• **Task goal**
The answer consists of the lines from the line holding "Свежие маринованные огурцы" through the last line of the entries, retyped exactly, and nothing else. No pictures belong in it.
▽
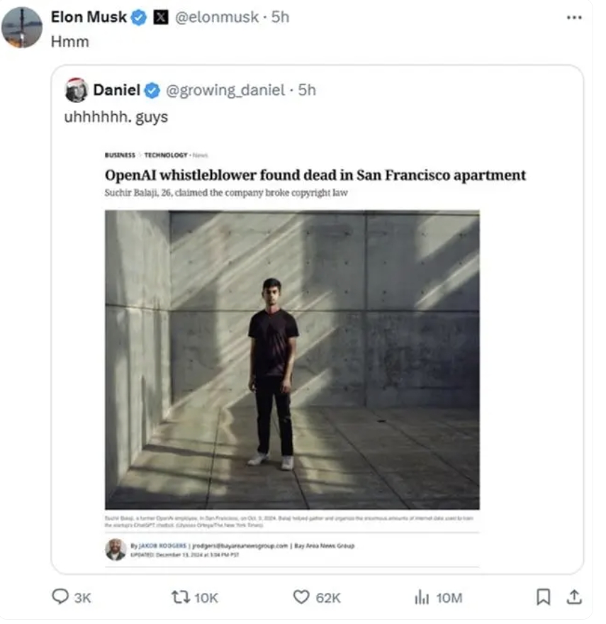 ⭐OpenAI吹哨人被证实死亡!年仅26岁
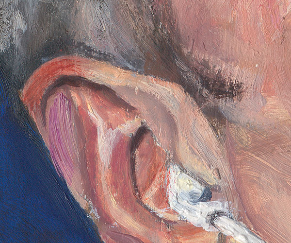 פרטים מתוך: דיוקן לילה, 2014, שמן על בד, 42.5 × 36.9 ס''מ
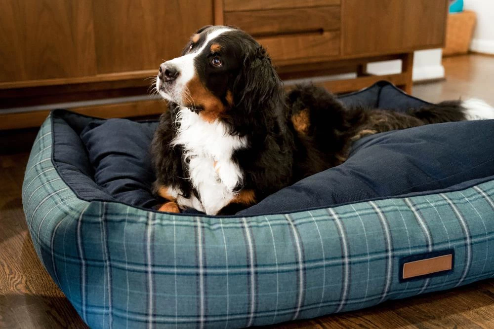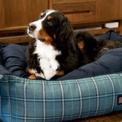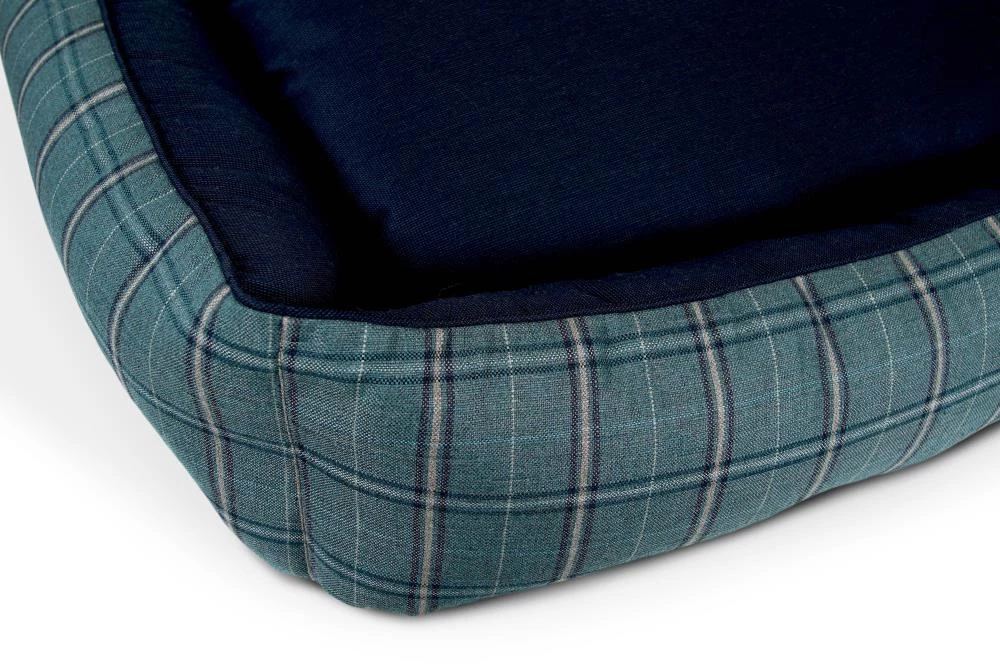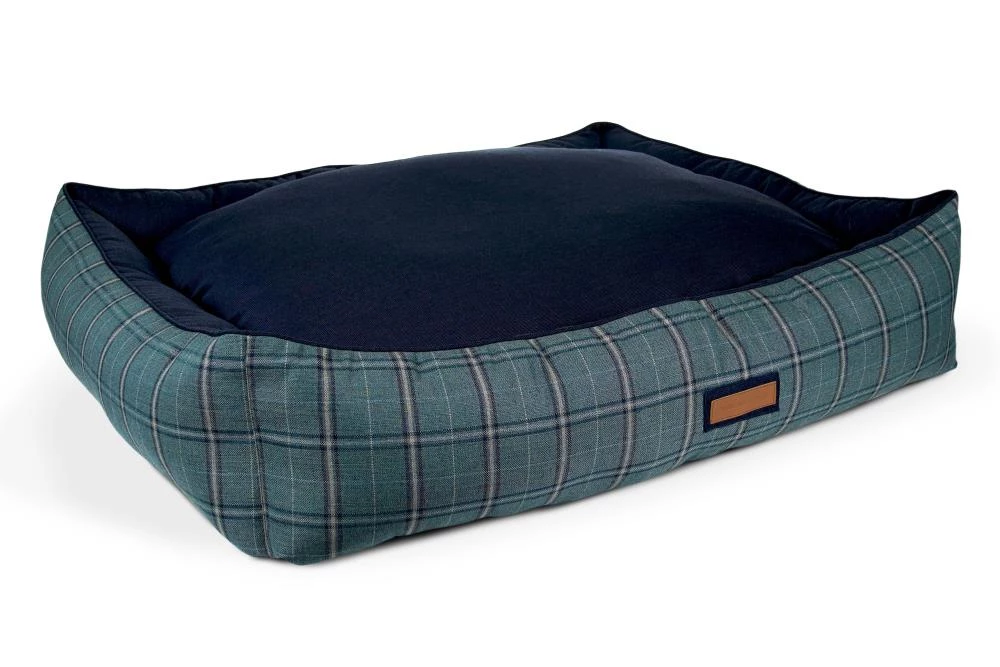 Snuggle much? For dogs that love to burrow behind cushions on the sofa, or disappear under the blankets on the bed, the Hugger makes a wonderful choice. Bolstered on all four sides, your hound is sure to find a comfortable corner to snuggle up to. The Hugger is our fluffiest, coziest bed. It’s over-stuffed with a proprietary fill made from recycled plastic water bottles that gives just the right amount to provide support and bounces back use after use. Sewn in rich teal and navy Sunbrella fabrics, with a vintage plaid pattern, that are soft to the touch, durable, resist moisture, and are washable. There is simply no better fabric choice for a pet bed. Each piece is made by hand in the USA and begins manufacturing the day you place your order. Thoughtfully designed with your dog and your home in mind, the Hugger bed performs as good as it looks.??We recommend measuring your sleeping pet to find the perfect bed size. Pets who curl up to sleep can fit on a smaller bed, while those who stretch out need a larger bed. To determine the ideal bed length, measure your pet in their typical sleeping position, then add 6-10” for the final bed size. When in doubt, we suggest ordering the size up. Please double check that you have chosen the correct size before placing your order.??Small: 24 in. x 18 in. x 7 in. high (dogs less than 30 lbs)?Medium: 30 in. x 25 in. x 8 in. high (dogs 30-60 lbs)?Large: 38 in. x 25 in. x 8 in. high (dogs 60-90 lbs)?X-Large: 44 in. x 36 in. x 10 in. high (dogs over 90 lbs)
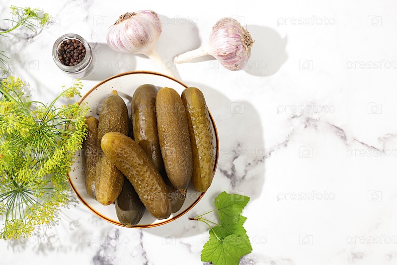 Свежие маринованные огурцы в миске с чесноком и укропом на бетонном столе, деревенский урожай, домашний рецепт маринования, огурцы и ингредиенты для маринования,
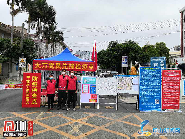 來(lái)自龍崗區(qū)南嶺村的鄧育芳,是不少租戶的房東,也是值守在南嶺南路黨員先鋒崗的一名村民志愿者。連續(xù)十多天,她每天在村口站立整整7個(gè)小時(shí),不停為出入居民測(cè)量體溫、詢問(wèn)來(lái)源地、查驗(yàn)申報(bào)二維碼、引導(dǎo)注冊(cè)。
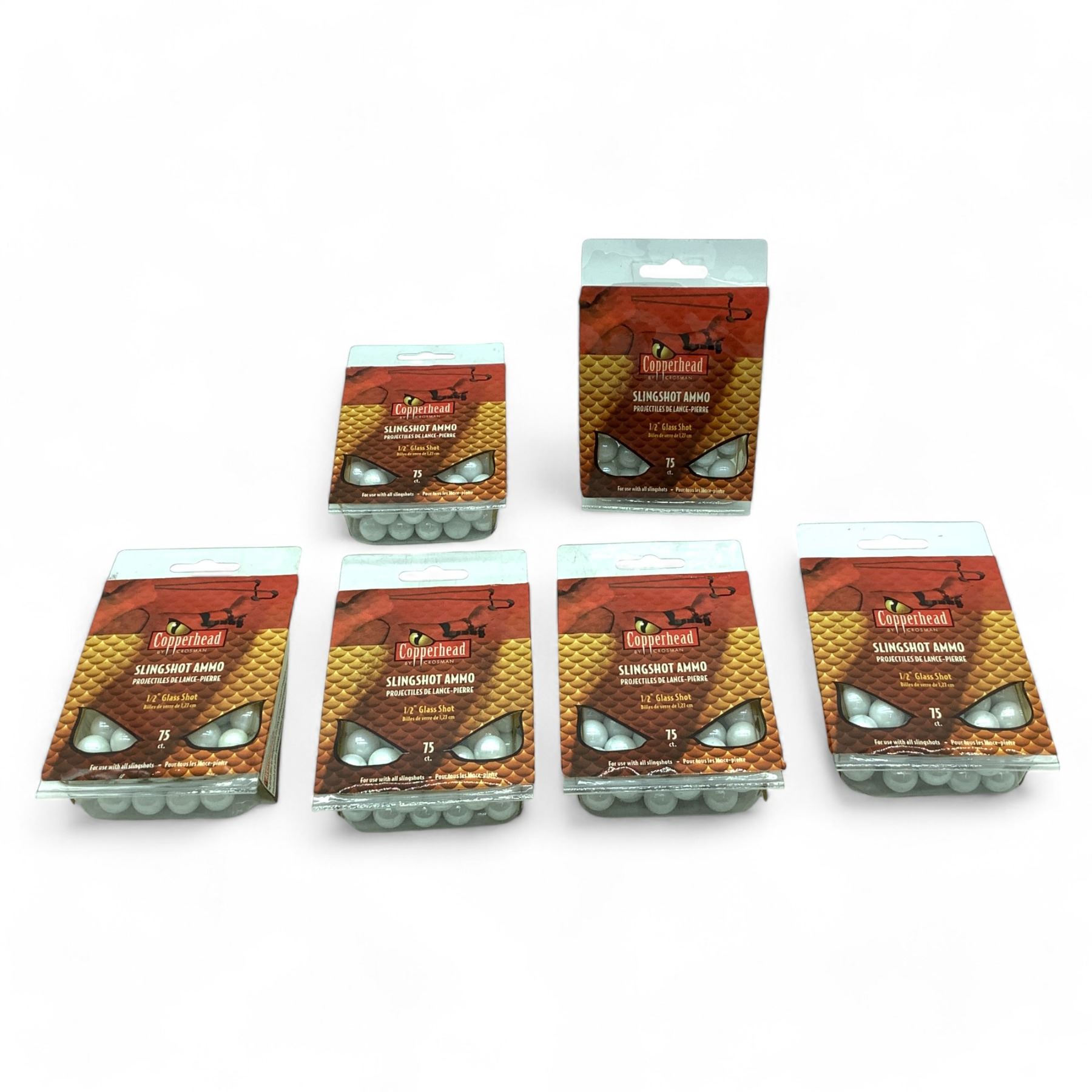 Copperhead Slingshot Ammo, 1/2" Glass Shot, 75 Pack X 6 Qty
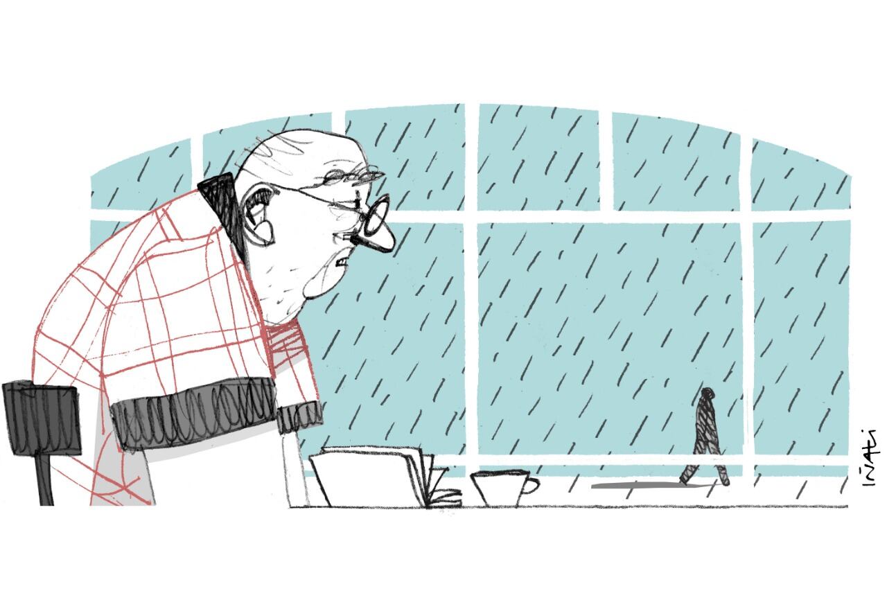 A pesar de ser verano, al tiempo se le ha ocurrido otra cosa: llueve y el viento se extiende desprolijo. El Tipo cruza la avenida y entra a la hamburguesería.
△
• **Solution to this task**
 Свежие маринованные огурцы в миске с чесноком и укропом на бетонном столе, деревенский урожай, домашний рецепт маринования, огурцы и ингредиенты для маринования,
 來(lái)自龍崗區(qū)南嶺村的鄧育芳,是不少租戶的房東,也是值守在南嶺南路黨員先鋒崗的一名村民志愿者。連續(xù)十多天,她每天在村口站立整整7個(gè)小時(shí),不停為出入居民測(cè)量體溫、詢問(wèn)來(lái)源地、查驗(yàn)申報(bào)二維碼、引導(dǎo)注冊(cè)。
 Copperhead Slingshot Ammo, 1/2" Glass Shot, 75 Pack X 6 Qty
 A pesar de ser verano, al tiempo se le ha ocurrido otra cosa: llueve y el viento se extiende desprolijo. El Tipo cruza la avenida y entra a la hamburguesería.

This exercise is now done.